In 1881, Klein married Julie (Gella) Hirsch, daughter of educator Mendel Hirsch and granddaughter of Rabbi Samson Raphael Hirsch of Frankfurt. Julie Klein was a leader in her own right, serving as vice-president of the Women's Branch of the Union of Orthodox Jewish Congregations and honorary president of the Sisterhood of Congregation Ohab Zedek. She conducted a Talmud Torah on the Lower East Side for over 200 children, and organized the Julie Hirsch Klein Benevolent Society. The couple suffered significant family tragedies, losing three children to illness during their youth. The oldest two daughters, Sarah and Hannah, had died in 1904, and another son, Herman, had died at three from scarlet fever in Libau. Their remaining children were Leo, Samson, Marcus, David, Raphael, Emanuel, Mrs.
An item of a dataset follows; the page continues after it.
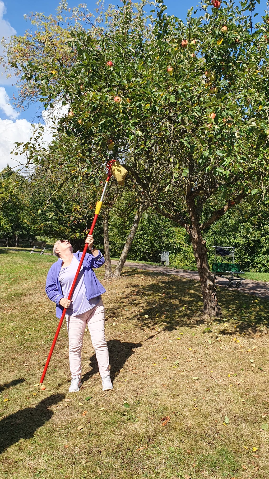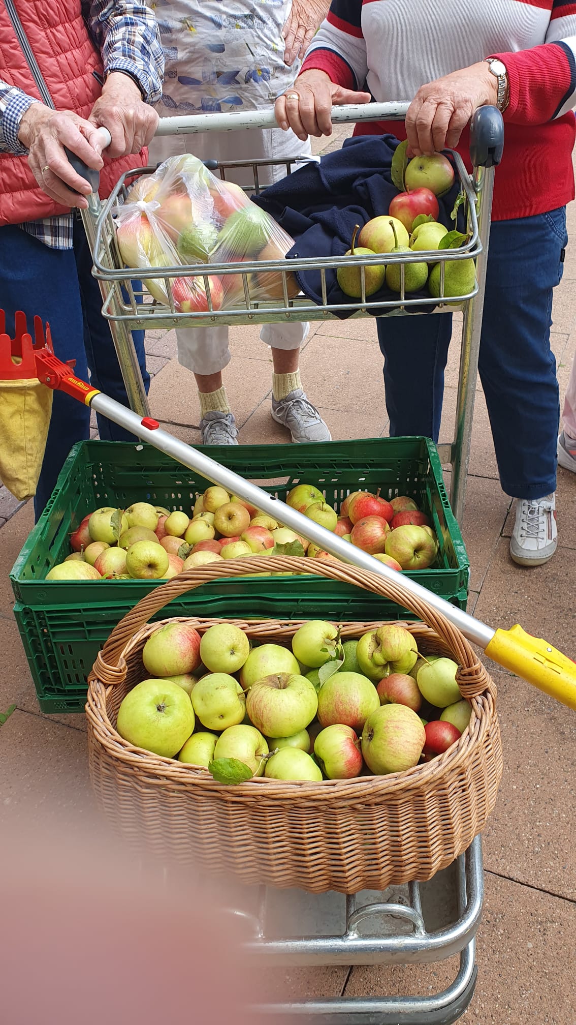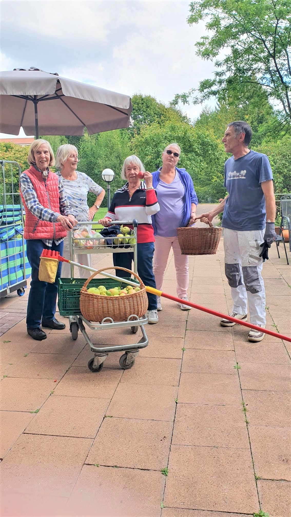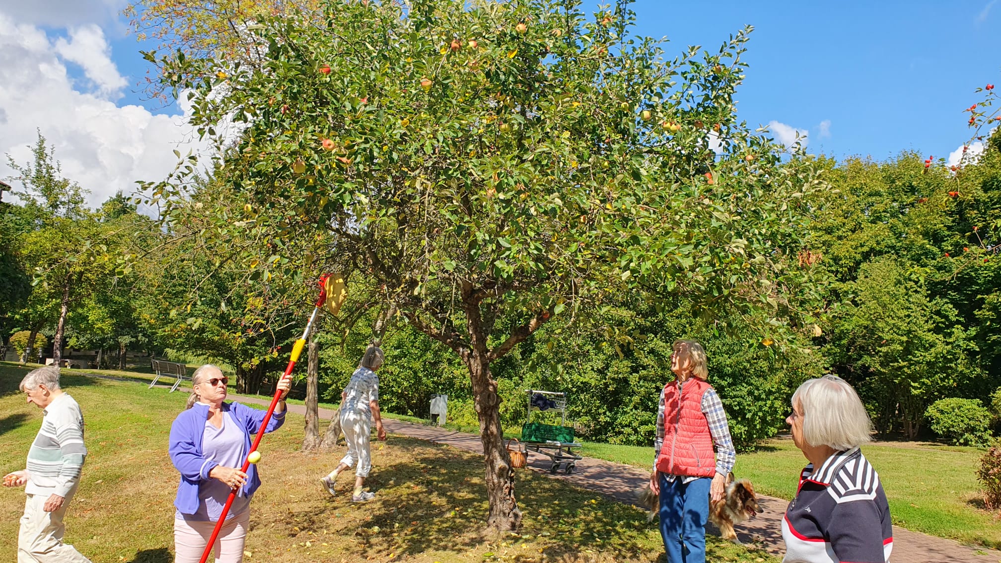 Wir haben die letzten lauen Herbsttage dazu genutzt, den Apfelbaum in unserem Residenzpark zu plündern. 🌳 Das geerntete Obst haben wir dann zu feinen Muffins, Kuchen  und Säften verarbeitet. 🍹🥧 Dazu hat unsere liebe Karen vom Sozialkulturellen Dienst Gedichte und Geschichten über den Apfel vorgelesen. Wir sind total im Apfel-Fieber! 🍏🍎

Harriet Lunzer, and Elizabeth.

==Death==
Rabbi Philip Klein died on March 21, 1926, at the age of 77. As per his last wishes, his body wasn't taken to a synagogue during his funeral and no eulogies were made. His death was a major event in New York Jewish life; three hundred rabbis headed a funeral procession that drew thousands to the streets. He is buried in Washington Cemetery in Brooklyn. Remarkably, his wife Julie died of pneumonia only forty-eight hours later, without learning of her husband's passing.